Reputation: 4135
This probably measures how pythonic you are. I'm playing around trying to learn python so Im not close to being pythonic enough. The infile is a dummy patriline and I want a list of father son.
infile:
haffi jolli dkkdk lkskkk lkslll sdkjl kljdsfl klsdlj sdklja asldjkl
code:
def main():
infile = open('C:\Users\Notandi\Desktop\patriline.txt', 'r')
line = infile.readline()
tmpstr = line.split('\t')
for i in tmpstr[::2]:
print i, '\t', i + 1
infile.close()
main()
The issue is i + 1
; I want to print out two strings in every line. Is this clear?
Upvotes: 3
Views: 286
Reputation: 180
I'd use the with statement here, which if you're using an older version of python you need to import:
from __future__ import with_statement
for the actual code, if you can afford to load the whole file into memory twice (ie, it's pretty small) I would do this:
def main():
with open('C:\Users\Notandi\Desktop\patriline.txt', 'r') as f:
strings = f.read().split('\t')
for father, son in zip(string, string[1:]):
print "%s \t %s" % (father, son)
main()
That way you skip the last line with out having too much overhead to not include the childless leaf at the end, which is think is what you were asking for(?)
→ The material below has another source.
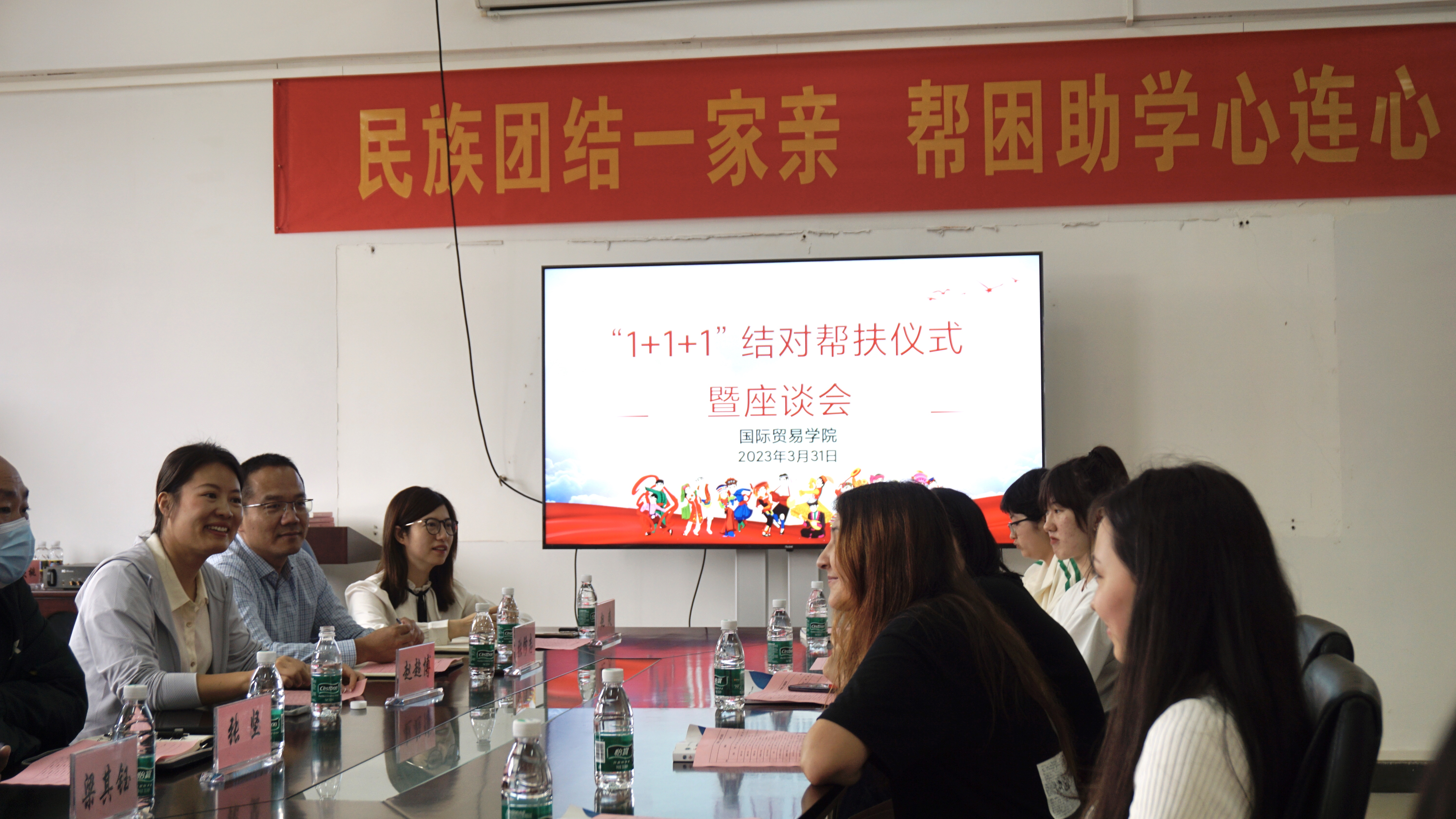 座谈会在轻松愉悦的氛围中拉开序幕。首先,党总支副书记梁其钰介绍了“1+1+1”结对帮扶的活动方案、背景及意义,该项工作通过1名院领导、1名学生干部结对帮扶1名少数民族学生,帮助他们提高语言表达能力、克服学习障碍、摆脱生活困难。会上,少数民族学生代表踊跃发言,畅谈了在校期间的学习和生活情况,交流了目前所面临的困难和困惑,并表示对学院的此项举动深受感动。21级国经1班学生努尔苏力坦·吐尔逊说:“当时不远千里从新疆来到海南,一开始生活上有很多不适应,但老师们的关心和同学们的热情让我慢慢融入了海经贸这个大家庭,在老师和同学们的鼓励下参加了许多社团活动,帮助我更快地成长,我的内心感到非常温暖”。努尔苏力坦的分享引起了在场师生的共鸣,气氛十分热烈。学生干部陈其晓发言,表示将通过帮扶活动增进交流、共同进步。

As a bit of a tangent: if the file is really big, you may not want to load the whole thing into memory, in which case you may need a generator. You probably don't need to do this if you're actually printing everything out, but in case this is some simplified version of the problem, this is how I would approach making a generator to split the file:
class reader_and_split():
def __init__(self, fname, delim='\t'):
self.fname = fname
self.delim = delim
def __enter__(self):
self.file = open(self.fname, 'r')
return self.word_generator()
def __exit__(self, type, value, traceback):
self.file.close()
def word_generator(self):
current = []
while True:
char = self.file.read(1)
if char == self.delim:
yield ''.join(current)
current = []
elif not char:
break
else:
current.append(char)
The value of a generator is that you don't load the entire contents of the file into memory, before running the split on it, which can be expensive for very, very large files. This implementation only allows single character delimiter for simplicity. Which means all you need to do to parse out everything is to use the generator, a quick dirty way to do this is:
with reader_and_split(fileloc) as f:
previous = f.next()
for word in f:
print "%s \t %s" % (previous, word)
previous = word
Upvotes: 2
Reputation: 30993
You can be more pythonic in both your file reading and printing. Try this:
def main():
with open('C:\Users\Notandi\Desktop\patriline.txt', 'r') as f:
strings = f.readline().split('\t')
for i, word in enumerate(strings):
print "{} \t {}".format(word, strings[i+1:i+2])
main()
Using strings[i+1:i+2]
ensures an IndexError
isn't thrown (instead, returning a []
) when trying to reach the i+1
th index at the end of the list.
Upvotes: 1
Reputation: 308206
Here's one clean way to do it. It has the benefit of not crashing when fed an odd number of items, but of course you may prefer an exception for that case.
def main():
with open('C:\Users\Notandi\Desktop\patriline.txt', 'r') as infile:
line = infile.readline()
previous = None
for i in line.split('\t'):
if previous is None:
previous = i
else:
print previous, '\t', i
previous = None
I won't make any claims that this is pythonic though.
Upvotes: 0
Reputation: 123662
You are getting confused between the words in the split string and their indices. For example, the first word is "haffi" but the first index is 0.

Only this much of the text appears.